## What you have to do
Would you repeat exactly the part of the listing below that runs from the line containing "GERMÁN ESPINOSA EL UNIVERSAL" down to the line containing "12/03 - ANTA GORDA", inclusive, and nothing else?
====== Listed records
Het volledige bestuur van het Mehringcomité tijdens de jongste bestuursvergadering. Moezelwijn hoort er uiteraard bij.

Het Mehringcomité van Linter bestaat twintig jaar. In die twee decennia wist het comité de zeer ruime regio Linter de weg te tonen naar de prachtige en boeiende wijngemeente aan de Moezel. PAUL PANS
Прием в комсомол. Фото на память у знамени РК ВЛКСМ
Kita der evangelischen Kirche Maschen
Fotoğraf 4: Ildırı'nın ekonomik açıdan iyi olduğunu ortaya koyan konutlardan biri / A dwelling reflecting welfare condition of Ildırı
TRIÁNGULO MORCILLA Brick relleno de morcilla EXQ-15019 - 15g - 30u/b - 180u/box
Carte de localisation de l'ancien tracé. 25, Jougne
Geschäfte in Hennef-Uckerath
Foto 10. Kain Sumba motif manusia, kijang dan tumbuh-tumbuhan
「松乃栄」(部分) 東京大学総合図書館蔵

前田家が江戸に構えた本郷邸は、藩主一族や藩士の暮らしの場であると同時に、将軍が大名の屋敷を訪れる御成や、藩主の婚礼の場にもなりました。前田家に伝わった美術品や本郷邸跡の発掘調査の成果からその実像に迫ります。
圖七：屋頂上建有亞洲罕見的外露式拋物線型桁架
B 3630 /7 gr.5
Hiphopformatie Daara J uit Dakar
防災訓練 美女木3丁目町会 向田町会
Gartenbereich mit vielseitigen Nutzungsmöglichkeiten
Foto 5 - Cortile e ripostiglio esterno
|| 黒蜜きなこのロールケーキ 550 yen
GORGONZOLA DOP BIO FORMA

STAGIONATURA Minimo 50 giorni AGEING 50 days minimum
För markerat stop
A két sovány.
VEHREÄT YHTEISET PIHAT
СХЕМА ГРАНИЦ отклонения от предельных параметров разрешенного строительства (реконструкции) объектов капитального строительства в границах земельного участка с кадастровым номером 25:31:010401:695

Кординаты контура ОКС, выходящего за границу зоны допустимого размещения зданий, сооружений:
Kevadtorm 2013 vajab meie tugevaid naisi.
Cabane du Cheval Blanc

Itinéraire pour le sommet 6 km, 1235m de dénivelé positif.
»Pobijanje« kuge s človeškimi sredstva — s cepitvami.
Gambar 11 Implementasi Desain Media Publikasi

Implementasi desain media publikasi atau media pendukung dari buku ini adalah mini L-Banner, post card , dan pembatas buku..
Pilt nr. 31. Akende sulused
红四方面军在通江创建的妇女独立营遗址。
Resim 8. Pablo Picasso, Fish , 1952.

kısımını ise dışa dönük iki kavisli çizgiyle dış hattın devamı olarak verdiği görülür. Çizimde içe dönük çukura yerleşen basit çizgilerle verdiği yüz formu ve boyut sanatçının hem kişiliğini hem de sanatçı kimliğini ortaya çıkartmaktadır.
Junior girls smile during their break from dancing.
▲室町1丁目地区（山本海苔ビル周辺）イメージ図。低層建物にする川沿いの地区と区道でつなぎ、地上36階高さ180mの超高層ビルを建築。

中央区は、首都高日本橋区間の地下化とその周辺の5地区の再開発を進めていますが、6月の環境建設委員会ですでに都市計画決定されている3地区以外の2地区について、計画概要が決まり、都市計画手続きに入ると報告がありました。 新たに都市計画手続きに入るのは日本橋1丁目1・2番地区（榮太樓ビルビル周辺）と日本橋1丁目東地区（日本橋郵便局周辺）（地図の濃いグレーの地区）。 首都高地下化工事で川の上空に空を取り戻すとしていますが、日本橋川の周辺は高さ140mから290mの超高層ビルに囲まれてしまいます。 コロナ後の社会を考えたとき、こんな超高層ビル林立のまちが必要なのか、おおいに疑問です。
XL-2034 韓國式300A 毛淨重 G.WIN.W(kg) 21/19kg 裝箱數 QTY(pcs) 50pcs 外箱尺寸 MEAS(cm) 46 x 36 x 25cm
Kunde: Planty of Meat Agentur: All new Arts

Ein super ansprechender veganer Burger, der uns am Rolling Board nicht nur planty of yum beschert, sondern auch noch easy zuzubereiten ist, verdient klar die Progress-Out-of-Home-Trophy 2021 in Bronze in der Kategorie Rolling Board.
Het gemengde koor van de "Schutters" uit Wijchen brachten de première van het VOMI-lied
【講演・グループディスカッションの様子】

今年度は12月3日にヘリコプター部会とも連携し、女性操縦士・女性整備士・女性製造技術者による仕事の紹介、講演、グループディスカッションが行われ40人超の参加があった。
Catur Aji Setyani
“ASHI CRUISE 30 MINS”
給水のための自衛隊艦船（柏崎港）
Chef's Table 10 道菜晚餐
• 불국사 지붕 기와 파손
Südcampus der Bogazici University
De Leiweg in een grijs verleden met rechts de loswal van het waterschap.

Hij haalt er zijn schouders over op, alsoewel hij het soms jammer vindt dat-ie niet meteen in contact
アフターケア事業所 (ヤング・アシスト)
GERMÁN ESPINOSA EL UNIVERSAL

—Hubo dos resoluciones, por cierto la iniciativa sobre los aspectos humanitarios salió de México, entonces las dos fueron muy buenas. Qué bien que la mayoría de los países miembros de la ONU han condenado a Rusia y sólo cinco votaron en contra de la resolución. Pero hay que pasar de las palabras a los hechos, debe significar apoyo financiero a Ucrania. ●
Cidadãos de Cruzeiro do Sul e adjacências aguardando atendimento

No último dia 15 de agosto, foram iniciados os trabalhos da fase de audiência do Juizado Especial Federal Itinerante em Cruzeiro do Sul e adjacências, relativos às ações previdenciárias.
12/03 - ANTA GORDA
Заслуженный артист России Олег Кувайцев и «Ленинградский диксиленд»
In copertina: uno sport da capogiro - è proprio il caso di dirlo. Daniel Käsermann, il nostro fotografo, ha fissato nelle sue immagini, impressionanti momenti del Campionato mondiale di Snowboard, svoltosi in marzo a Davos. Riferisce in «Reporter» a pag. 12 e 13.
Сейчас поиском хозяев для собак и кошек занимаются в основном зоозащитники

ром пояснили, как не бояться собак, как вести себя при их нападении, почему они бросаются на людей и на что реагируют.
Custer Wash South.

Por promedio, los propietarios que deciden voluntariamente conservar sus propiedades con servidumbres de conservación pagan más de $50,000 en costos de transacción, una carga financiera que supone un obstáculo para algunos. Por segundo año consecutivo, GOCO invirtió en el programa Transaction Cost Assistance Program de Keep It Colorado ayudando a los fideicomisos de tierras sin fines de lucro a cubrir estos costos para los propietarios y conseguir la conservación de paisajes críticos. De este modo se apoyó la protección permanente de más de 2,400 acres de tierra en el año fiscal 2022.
============
## Exercise solution
GERMÁN ESPINOSA EL UNIVERSAL

—Hubo dos resoluciones, por cierto la iniciativa sobre los aspectos humanitarios salió de México, entonces las dos fueron muy buenas. Qué bien que la mayoría de los países miembros de la ONU han condenado a Rusia y sólo cinco votaron en contra de la resolución. Pero hay que pasar de las palabras a los hechos, debe significar apoyo financiero a Ucrania. ●
Cidadãos de Cruzeiro do Sul e adjacências aguardando atendimento

No último dia 15 de agosto, foram iniciados os trabalhos da fase de audiência do Juizado Especial Federal Itinerante em Cruzeiro do Sul e adjacências, relativos às ações previdenciárias.
12/03 - ANTA GORDA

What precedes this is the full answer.